First of all I would like to thank everyone who offered advice and feedback while I was designing my little barn  I'm almost finished - just have to finish siding one last wall and build a roof over the goats' porch before winter. And re-do the fencing. But it's nearly finished and I LOVE it so much. I kind of just want to hang out in there all the time!

This barn is designed for 2 does and their kids (temporarily). I did not figure in goat math, though. Now I'm pretty sure I'd like 3 does. I'll have to see how this winter goes and if it's enough space for one more.

The design allows for the L-shaped pen zone to be separated into three smaller stalls. Currently, the 2 doelings have 2 of the "stalls" opened up into one large one. I'm using the third for hay/shavings/storage, but that stuff can be moved out when I need a kidding pen. I made removable separating panels out of a dog playpen I got from Craigslist. I have hay storage for 50 bales in the loft. The smaller attached structure is the chicken coop. There's a pet door for the barn cat, Fennec. (He thinks he's a goat and sleeps with them, rather than in his little heated box, though!)


----------



## ksalvagno (Oct 6, 2009)

Wow! That is super nice! Great job!


----------



## happybleats (Sep 12, 2010)

How Lovely!!


----------



## NigerianDwarfOwner707 (May 17, 2018)

Lovely!!


----------



## groovyoldlady (Jul 21, 2011)

That's not a barn, That's a she-shed palace of delight!!!


----------



## GoofyGoat (Sep 21, 2018)

Amazing little barn no wonder you're thrilled


----------



## toth boer goats (Jul 20, 2008)

That is amazing, it should be in a magazine.

The goats are so spoiled.


----------



## MellonFriend (Aug 8, 2017)

:hubbahubba:


----------



## SalteyLove (Jun 18, 2011)

Seriously stunning... I'm going to burn my barn down right now in envy 

Also the diagonal bars in front of the hay rack tray are so genius, I need a few to keep them from sleeping there.


----------



## seachick (Jun 2, 2010)

groovyoldlady said:


> That's not a barn, That's a she-shed palace of delight!!!

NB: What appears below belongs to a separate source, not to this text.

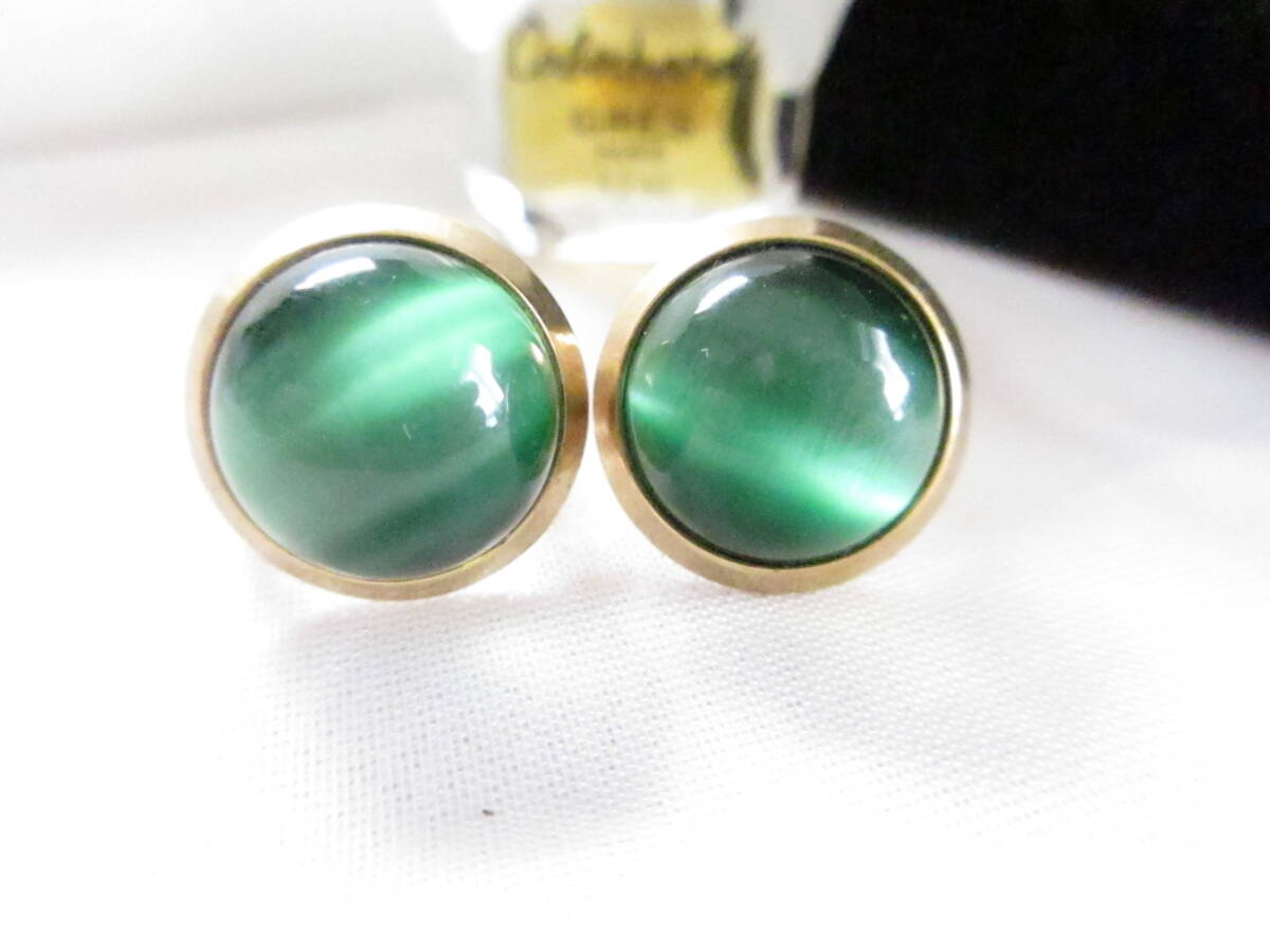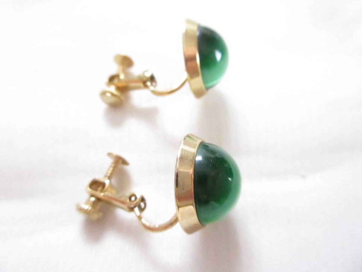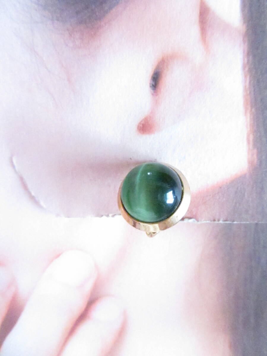 ♪ビンテージ/ヴィンテージ 美しいロイヤルグリーントーンのストーン調 素材不明 金色との2トーンがエレガントな印象のイヤリング

Right??!?!?!? I'm getting NO work done because I just want to sit out there!


----------



## seachick (Jun 2, 2010)

SalteyLove said:


> Seriously stunning... I'm going to burn my barn down right now in envy
> 
> Also the diagonal bars in front of the hay rack tray are so genius, I need a few to keep them from sleeping there.


The breeder I got one of my does from, Rosasharn Farm in MA, suggested those. Right now they can reach their little heads in easily, but theoretically when they are bigger they have to tilt their heads sideways to get in/out of the bars which makes eating more intentional and less waste.


----------



## toth boer goats (Jul 20, 2008)

(thumbup)


----------



## Iluvlilly! (Apr 6, 2019)

:inlove:


----------



## Goat Whisperer (Dec 3, 2018)

I think I'll move in too  

Looks fantastic!


----------



## Goats Rock (Jun 20, 2011)

Wow, very nice!


----------



## NigerianNewbie (Jun 6, 2018)

Awesome barn, good use of the vertical spaces, like the added decorative touches.


----------



## SandyNubians (Feb 18, 2017)

Holy wow, it's beautiful! ohlala:


----------